É a ἀγάπη que me tem a mim. Ela não envergonha, não procura o amor próprio, não provoca, não calcula o mal para o fazer, acredita em tudo, acredita na verdade, resiste com paciência a tudo.... Personificação da ἀγάπη. Eu estou a por a forma do meu acontecimento como efeito de um agente da passiva que me põe a ser de tal forma. A possibilidade deste acontecimento implica a compreensão do sentido que me apresenta como princípio de fundamento. É o sentido que me põe a ser. O que está a ser descrito altera disposicionalmente a minha própria vida. O reconhecimento do outro não é cognitivo, mas como susceptível de amor, como possível de ser amado, e que implica uma compreensão de mim como susceptível de amor de Deus (isto não tem nada a ver com o cogito). Mas isto implica uma obra de graça. Dá-se-me a ver que eu sou susceptível do amor de Deus, e é isto que me permite perceber os outros como susceptíveis de amor. Eu vejo sempre o outro como modo de ser, como forma de acontecimento, como agente que opera a passagem do tempo -- anulação do primado teórico no reconhecimento do outro. Depois percebo-o como uma onda, um clima. E depois percebo que a sua disposição fundamental é a sua tensão para a morte -- o que está em causa é a descoberta do outro como ser para a morte, que é concomitante com a minha descoberta como ser em tensão com a morte. É esta possibilidade extrema do não que abre para o reconhecimento dos outros como outros que estão a ir comigo como ondas de uma única forma de acontecimento ( e por isso como susceptível de amor de Deus).

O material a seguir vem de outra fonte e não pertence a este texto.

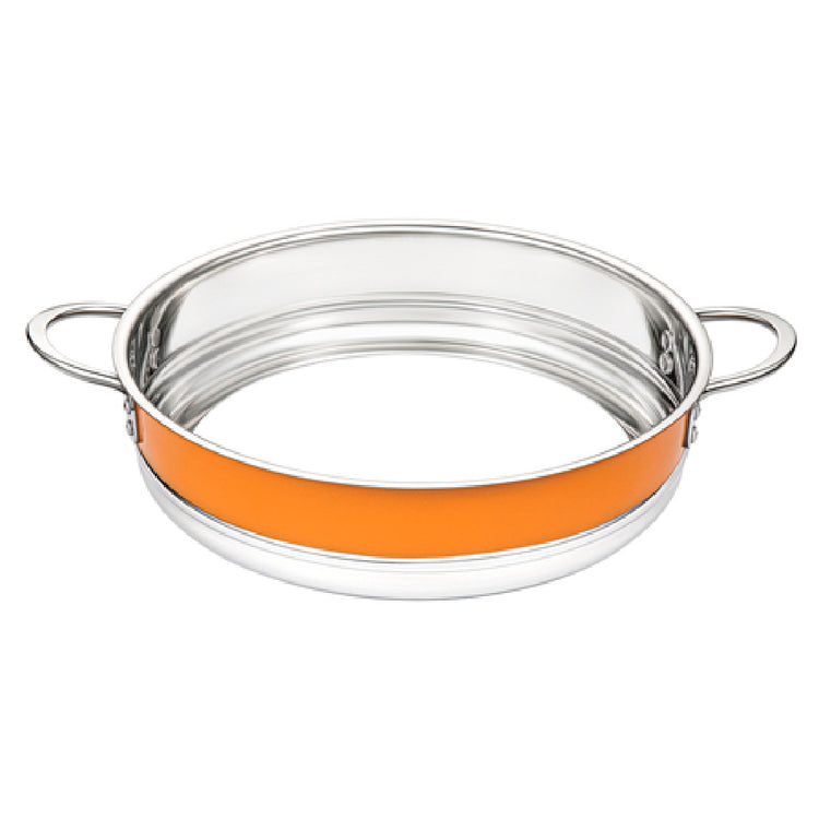 The Bon Chef 72030-BL-O Country French X Steam Table Food Pan Ring is meticulously designed for culinary professionals seeking efficiency and style. Measuring 12-3/8 inches in diameter and 3 inches in height, this round steam table food pan ring facilitates seamless integration into various food service setups. Crafted from high-quality stainless steel, it ensures durability and a sleek finish that complements any kitchen environment. The vibrant orange hue adds a touch of sophistication, enhancing presentation appeal. Notably, the ring is bottomless, offering versatility for chefs needing quick and easy access to contents without compromising hygiene. The Bon Chef 72030-BL-O is ideal for catering businesses, restaurants, and banquet halls where maintaining optimal food temperatures is critical. Its unique design promotes efficient heat transfer, making it indispensable for steam tables. This product exemplifies a blend of practical innovation and aesthetic elegance, catering to diverse market segments within the hospitality industry seeking reliable and stylish kitchen solutions.

O aspecto da problematicidade ontológica poder ser determinado por fenómenos da religião, mas a certidão de nascimento dos fenómenos de problematicidade dá a possibilidade de eles alastrarem à totalidade da vida -- crises religiosas ou afectivas são formas críticas de alteração do modo de nós vermos as coisas.
Tenta-se mostrar o carácter violento destes acontecimentos. É nele que se dá  possibilidade de fixação do próprio sentido. Tentativa de despertar uma disposição fundamental que corresponde à filosofia. Nessa tentativa descobrimos que as perguntas por mim, pelos próximo e pelo mundo em que estou não são três perguntas diferentes, mas uma só pergunta. Eu, os outros e o mundo encontramo-nos de forma completamente estruturada no tempo, e por isso dependemos do contacto com o sentido. A pergunta pelo sentido vem ter comigo e alastra-se de forma incontrolável pela minha vida. De tal forma que o tédio, a solidão e a finitude são as características fundamentais da nossa vida.  A essência do tempo é a raiz destas três perguntas. Esta expansão da solidão, da minha finitude em não saber como posso ser no tempo é o mundo. O mundo não é o que estudam as ciências, mas isto.
Como é que o Dasein pode ser posto a ser no seu todo? O que é que está a funcionar quando este "no seu todo" me aflige na sua totalidade? Nós designamos esta extensão do "no seu todo", aquilo que se manifesta no tédio profundo como mundo. O mundo não é a res extensa, o mundo é tão irreal como a projecção do tédio que me põe a ser no vazio de sentido e na finitude do meu saber como reagir a isso. Como ser num mundo vazio de sentido? Só perante esta disposição fundamental perguntamos o que é o mundo. Só quando a totalidade das coisas surgem numa situação em que tudo está na ausência de transição no "por ser", quando está posta de lado a possibilidade de obliteração do tempo.